In fuzzy modeling, one of the most important problems is the identification of a predictive model from a set of numerical data. It is the task of identifying the parameters of a fuzzy inference system so that a desired behaviour is attained (Yager & Filev, 1994). The task of fuzzy model identification is basically based on proper generation of their structure which includes membership functions, input and output parameters and rule-base (Angelov & Buswell, 2002). This task can be performed by following the steps given below (Kumar, Bhalla & Singh, 2009):
Step 1: Initialization of the rule-base structure (antecedent part of the rules).
Step 2: Estimation of the parameters of the consequent part.
Step 3: Prediction of the output of fuzzy model through standard data sets.
Step 4: Reading of the next data sample at the next time step.
Step 5: Recursive calculation of the potential of each new data sample to influence the structure of the rule-base.
Step 6: Recursive up-date of the potentials of old centres taking into account the influence of the new data sample.
Step 7: The new data sample competes with the existing rules’ centres. Decision to modify or update the rule-base structure is taken.
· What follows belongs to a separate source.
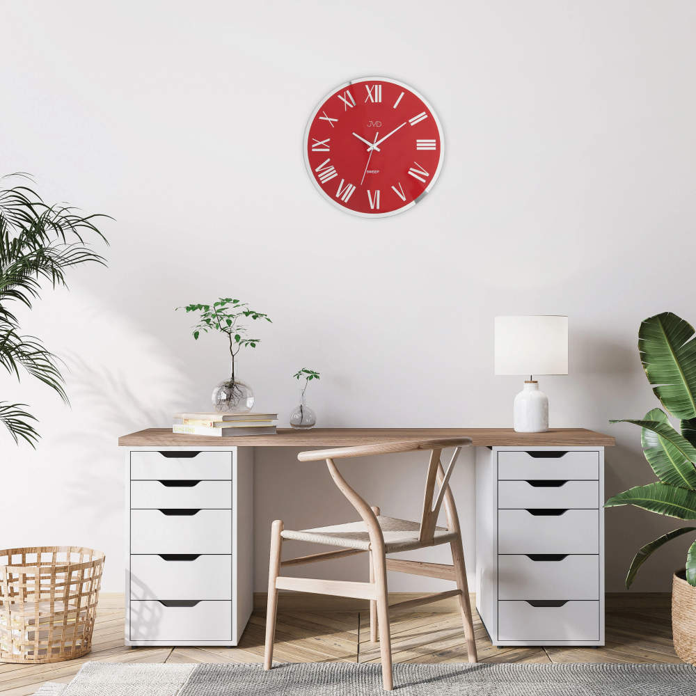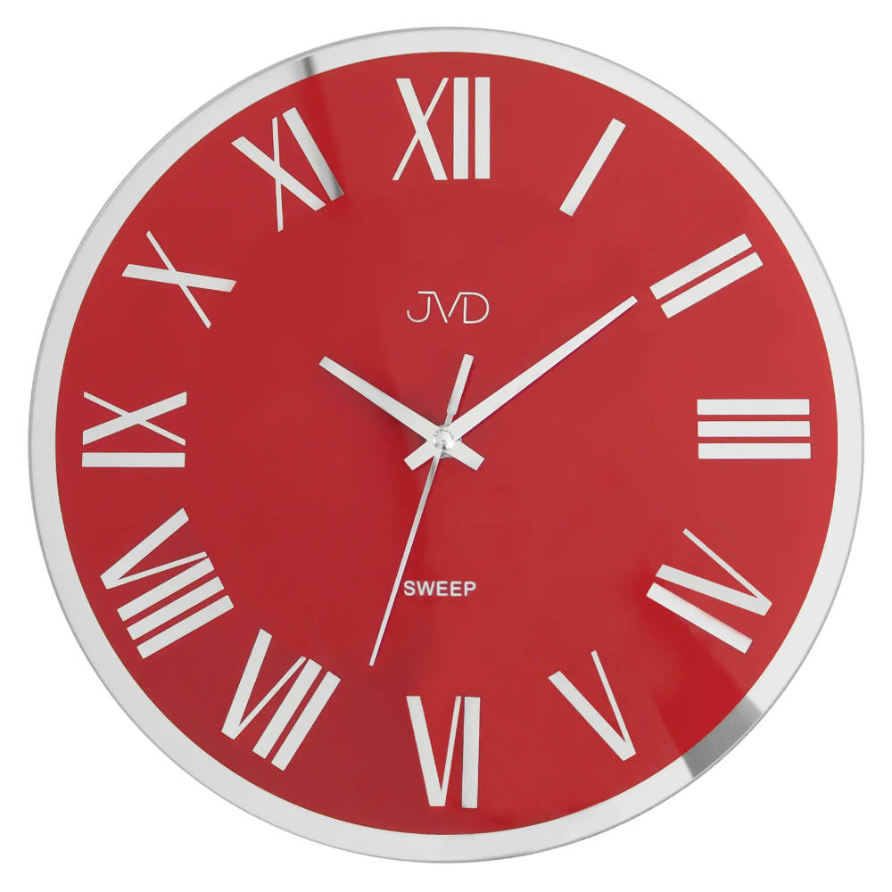 • Klok NS22006-2J is een wandklok in een rood bedrukte spiegelglas uitvoering met zilverkleurige wijzers.

The problem of fuzzy model identification can be formulated as a search and optimisation problem and it becomes very difficult to realise when the available knowledge is incomplete, and the search space is very large. The survey related to this field reveals that many hard computing as well as soft computing techniques are available in the literature to solve such problems. But the best suited way to tackle this problem is proved to be the use of soft computing approaches like Genetic algorithms, Neural networks and other Nature inspired approaches. Unlike hard computing techniques, soft computing techniques do not rely on preciseness and accuracy. They provide good enough solutions with high probability and low cost.